Furthermore, an exploration of the feasibility of Google Glass in the current and future market is supplied to provide insight on prospective development of this product. Google Glass’ unique hands-free design differentiates itself from other computer based products. Healthcare and journalism applications have been explored and possible uses in policing are also being considered by police departments globally. Google Glass faces strong competition from Recon Instruments, a medium-sized company that offers a similar product for more than half the cost of Google Glass.
The device’s high performance applications and camera, which are used through voice command, will act as a blueprint for future development in augmented reality eyewear.
GLOSSARY
720p: High definition resolution with 1280x720 pixels that refreshes display 60 times per second.
Android: Mobile platform developed by Google; turns user’s directives into actions on a device.
Augmented Reality A different view of the world where objects are modified by computers to offer varied audio and visual perspectives.
Bluetooth: Wireless technology enabling connection of multiple devices. E.g.
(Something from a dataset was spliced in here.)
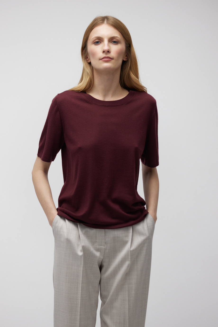 Gerader Schnitt, Rundhalsausschnitt, kurze Ärmel.
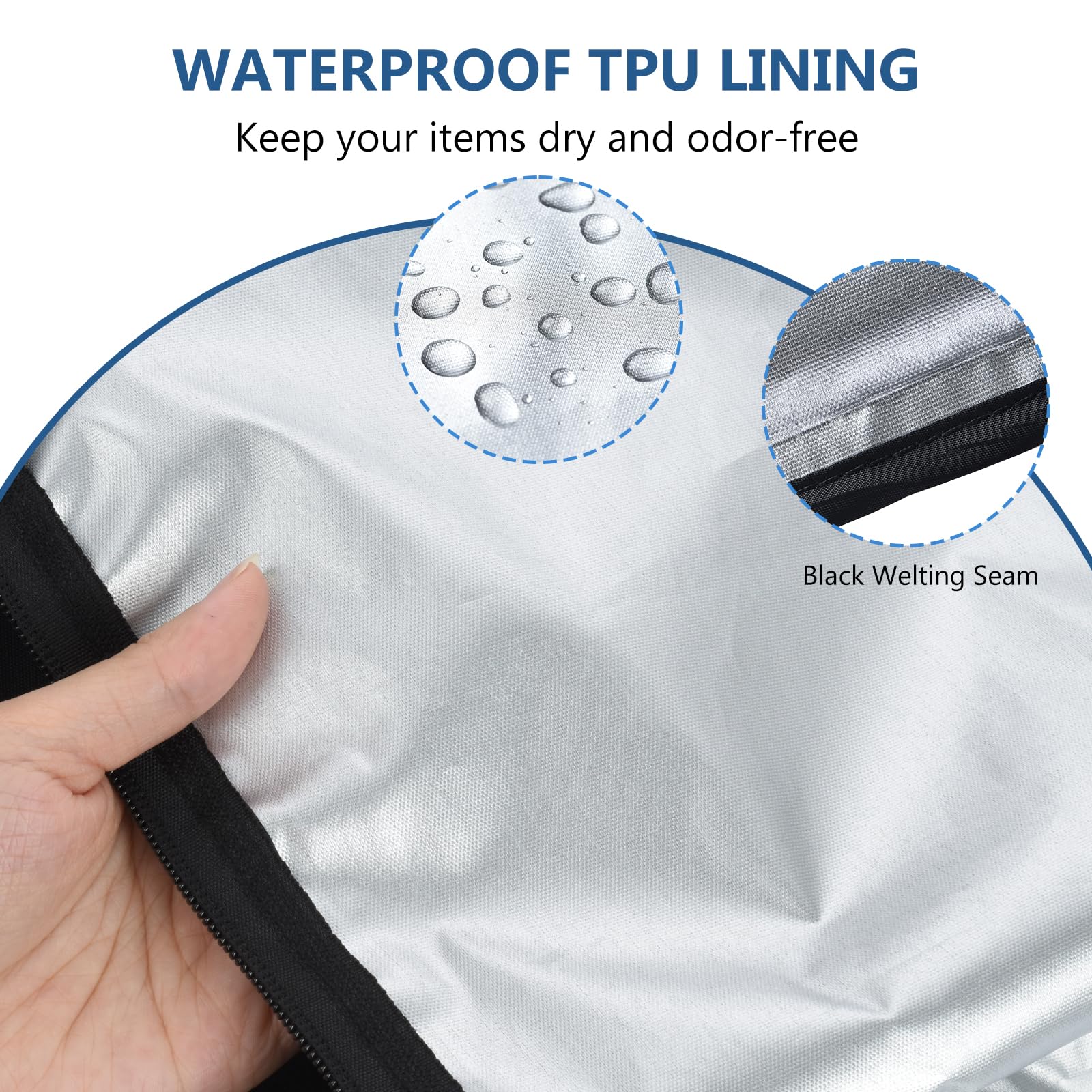 【Water Resistant Material】Our baby wet bag is made of waterproof Oxford cloth with a waterproof TPU coating embedded in the inner lining and a black welt at the seam to enhance water resistance. You can toss your damp clothes in the bag without worrying about leaks or odors. Plus, the waterproof material makes it easy to wipe clean and reuseable.

Smartphone with Car.
Binocular Rivalry: A condition caused by different images in each eye; the brain is not able to choose one image to focus on.
Bone Conduction Transducer: Type of headset that conducts mechanical vibrations through the skull to achieve hearing in the inner ear.
Component: One part of the system that makes up the whole.
CPU: Piece of hardware that carries out the instructions of a program to perform basic operations (e.g. arithmetic, input/output etc.)
Computer Vision Syndrome: A condition where the eyes become red and irritated, accompanied with a burning sensation; results in blurred vision.
Explorers: Group of qualified individuals who are selected by Google to promote and test Glass before its official launch.
Frequency Band: Frequency of electromagnetic waves that devices emit in order to communicate with other devices of the same frequency.
Gigabytes: One billion (10^9) bytes. A byte is a unit of digital data that consist of 8 bits of 1’s or 0’s.
Gigahertz: One billion (10^9) Hertz. The hertz is the unit of frequency in the International System of Units.
Glass App Market: The economical arena of applications specific to Google Glass.
GPS: Satellite based navigation system that provides the location of the user - commonly used by drivers to travel to different locations.
Hardware: Physical components of an electronic device (eg. CPU, camera, battery, etc.).
Lithium Polymer Battery: Type of rechargeable battery that uses Lithium ions.
Megabytes: One million (10^6) bytes.
Megapixel: One million (10^6) pixels.
Micro USB: A small USB of width 7mm and height 1.5-3mm. A USB is a type of cable that is used to establish communication between digital devices.
MilliAmpere: A hundredth (10^(-3)) of an Ampere. The Ampere is the standard unit for electrical current.
NAND: Flash memory used in computer storage drives; commonly used to store files and software programs in computer
Operating System: Type of software that manages communication between separate hardware and software components of a computer (e.g. Windows, Mac, Linux etc.)
Phoria: A condition where the eyeballs become misaligned and are no longer capable of looking at the same object
Pixel: Smallest controllable element of a digital representation of a picture, short for picture element.
RAM: Type of data storage and access used in digital devices. It manages the reading and writing of data in a computer, allowing users to “save”.
Resolution: Pixel density. Higher Resolution equates to clearer and sharper images.
Software: Set of instructions that directs a computer’s processing unit to perform desired operations, commonly referred to as programs.
SDRAM: Type of RAM that waits for a clock signal from the computer to respond to the changes of inputs, short for Synchronous Dynamic RAM.
Technical Specifications: Detailed description of the type and functionalities of each part.
User Interface: Interaction between the user and the computer. In Google Glass, the display is referred to as the user interface.
Vision Confusion: A condition where both eyes are functional but cannot converge to focus on the desired object
Visual Disturbance: A family of symptoms/diseases including but not limited to double vision (diplopia), partial or total blindness, color blindness, blurred vision, halo, and pain.
Wi-Fi: Wireless technology that allows electronic devices to connect to the internet.
LIST OF ABBREVIATIONS
720p 1280 by 720 pixels
AI Artificial Intelligence
CPU Central Processing Unit
CVS Computer Vision Syndrome
GB Gigabytes
GDK Glass Development Kit
GHz Gigahertz
mA MilliAmpere
MB Megabytes
MP Megapixel
OS Operating System
RAM Random-Access Memory (or System Memory)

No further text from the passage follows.